Supplied data>
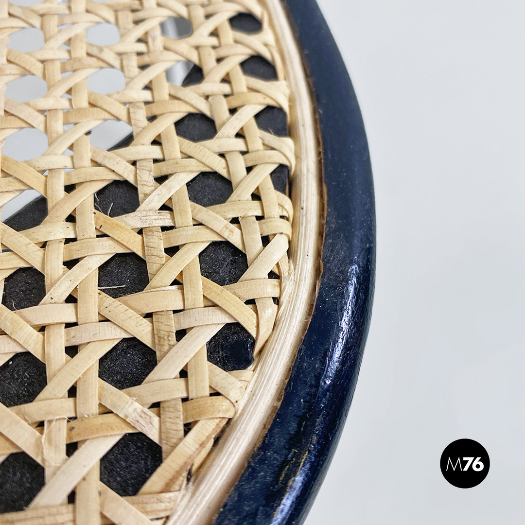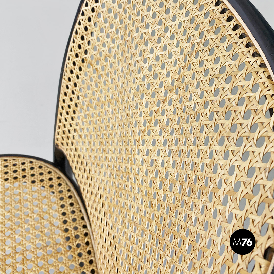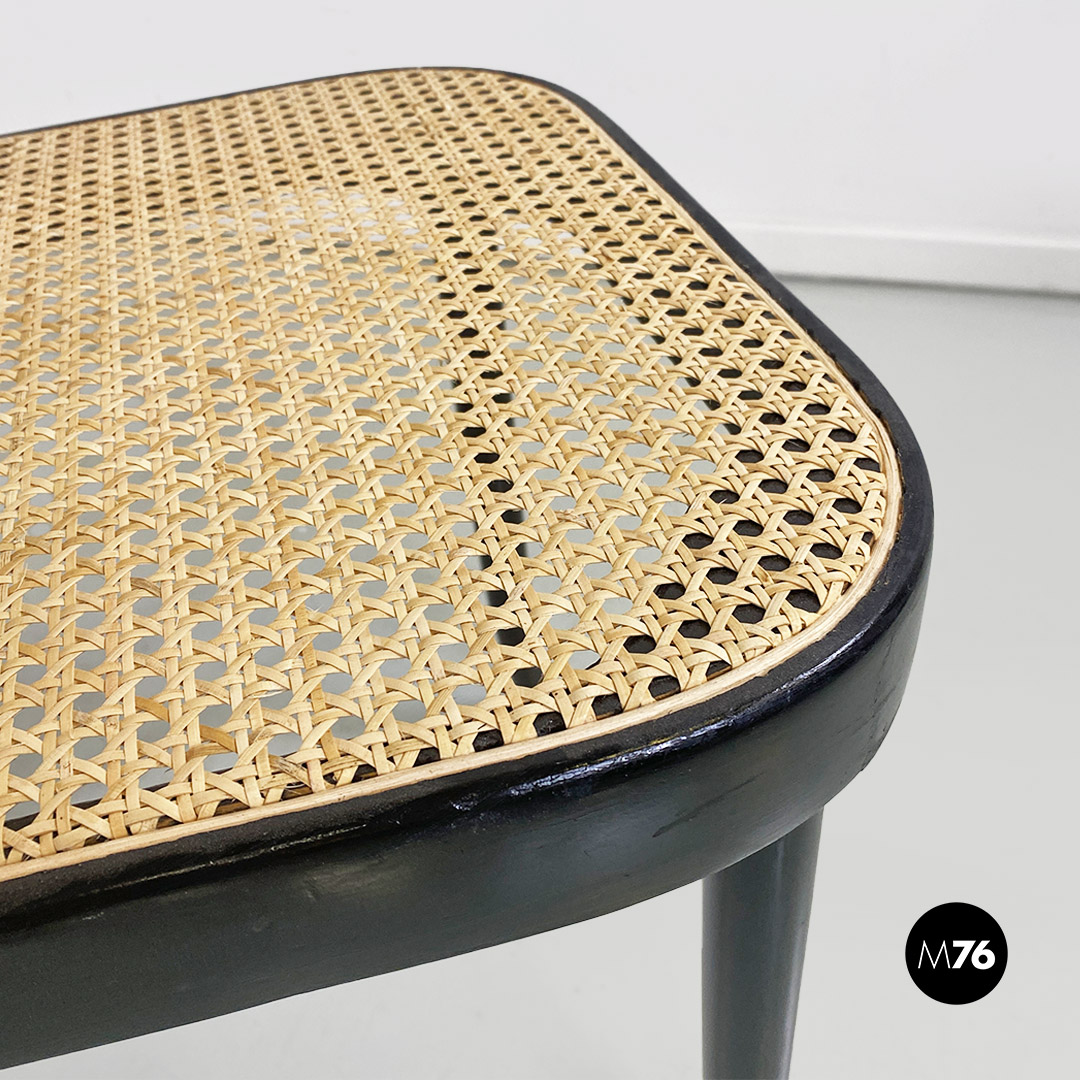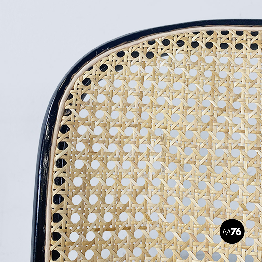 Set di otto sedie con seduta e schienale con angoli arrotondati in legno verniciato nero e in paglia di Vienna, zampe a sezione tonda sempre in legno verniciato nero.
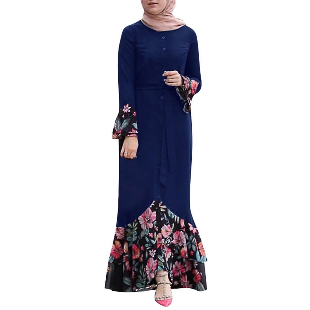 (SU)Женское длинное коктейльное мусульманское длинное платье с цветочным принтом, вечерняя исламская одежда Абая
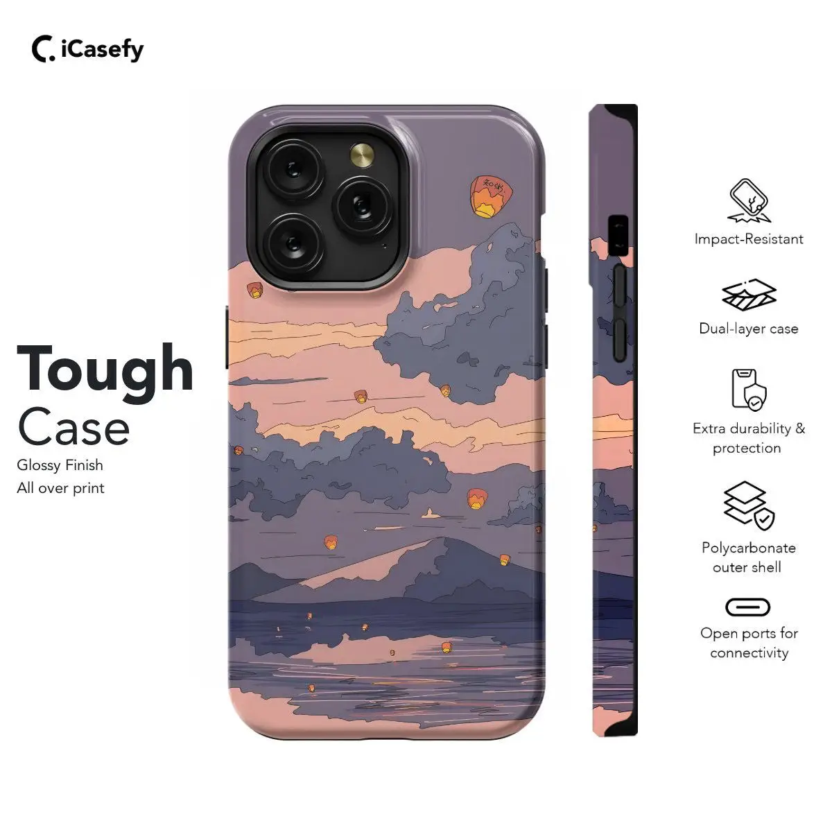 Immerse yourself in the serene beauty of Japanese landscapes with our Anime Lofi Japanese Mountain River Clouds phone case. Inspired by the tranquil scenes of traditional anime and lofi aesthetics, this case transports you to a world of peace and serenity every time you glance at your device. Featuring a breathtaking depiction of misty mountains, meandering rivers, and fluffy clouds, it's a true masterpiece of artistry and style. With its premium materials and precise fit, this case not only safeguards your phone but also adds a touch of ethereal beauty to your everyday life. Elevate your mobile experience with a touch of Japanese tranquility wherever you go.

Activity> When you repeat the listing, keep it exact and leave the pictures behind.

Task solution>
 Set di otto sedie con seduta e schienale con angoli arrotondati in legno verniciato nero e in paglia di Vienna, zampe a sezione tonda sempre in legno verniciato nero.
 (SU)Женское длинное коктейльное мусульманское длинное платье с цветочным принтом, вечерняя исламская одежда Абая
 Immerse yourself in the serene beauty of Japanese landscapes with our Anime Lofi Japanese Mountain River Clouds phone case. Inspired by the tranquil scenes of traditional anime and lofi aesthetics, this case transports you to a world of peace and serenity every time you glance at your device. Featuring a breathtaking depiction of misty mountains, meandering rivers, and fluffy clouds, it's a true masterpiece of artistry and style. With its premium materials and precise fit, this case not only safeguards your phone but also adds a touch of ethereal beauty to your everyday life. Elevate your mobile experience with a touch of Japanese tranquility wherever you go.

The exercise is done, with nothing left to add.